David W. answered • 09/13/20
retired
Just as a review, the reasons for using two-s complement notation are (1) only one representation of 0 [not +0 and -0] and (2) use less hardware [e.g., adders]
Here are the values that may be stored in a 4-bit register::
| Decimal Number | Two-s Complement |
| -8 | 1000 |
| -7 | 1001 |
| -6 | 1010 |
| -5 | 1011 |
| -4 | 1100 |
| -3 | 1101 |
| -2 | 1110 |
| -1 | 1111 |
| 0 | 0000 |
| 1 | 0001 |
| 2 | 0010 |
| 3 | 0011 |
| 4 | 0100 |
| 5 | 0101 |
| 6 | 0110 |
| 7 | 0111 |
Numbers from -8 to +7 may be represented (note: since there is only one 0, an extra negative number may be stored)..
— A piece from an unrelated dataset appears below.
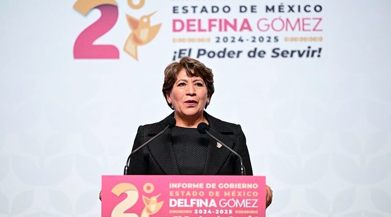 Toluca, Edomex 23 septiembre 2025.- En su Segundo Informe, Delfina Gómez, Gobernadora del Estado de México, resaltó la disminución de delitos de alto impacto.
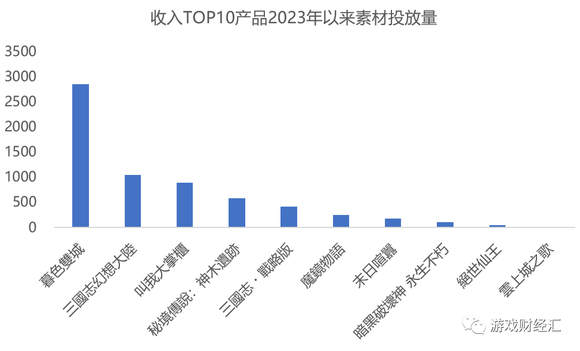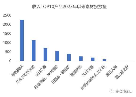 除了刚上线的《暮色双城》以及去年10月上线的《三国志幻想大陆》,其余产品投放素材量均较低。

To convert from binary to two's complement, take the NOT (the 1's complement) of the number and add 1..
To convert from two's complement to binary, take the NOT (the 1's complement) of the number and add 1.
Yes, doing the same operation saves extra circuitry.
The two's complement of 5 (that is, 0101) is 1010 + 1 or 1011.
The binary value of 1011 is 0100 (i.e., the NOT, or one's complement) + 1 or 0101, which is decimal 5.
This problem:
Binary value in computer:
11111111 11111111 11111111 11111111 11111111 11111111 11111111 111110002
NOT (one's complement)
00000000 00000000 00000000 00000000 00000000 00000000 00000000 000001112
Add +1
00000000 00000000 00000000 00000000 00000000 00000000 00000000 000010002
Convert to decimal and append the negative sign :
-8
Note that one's complement values consider the MSB (Most Significant Bit) [the left-most bit] and get a correct result (see the 4-bit table above).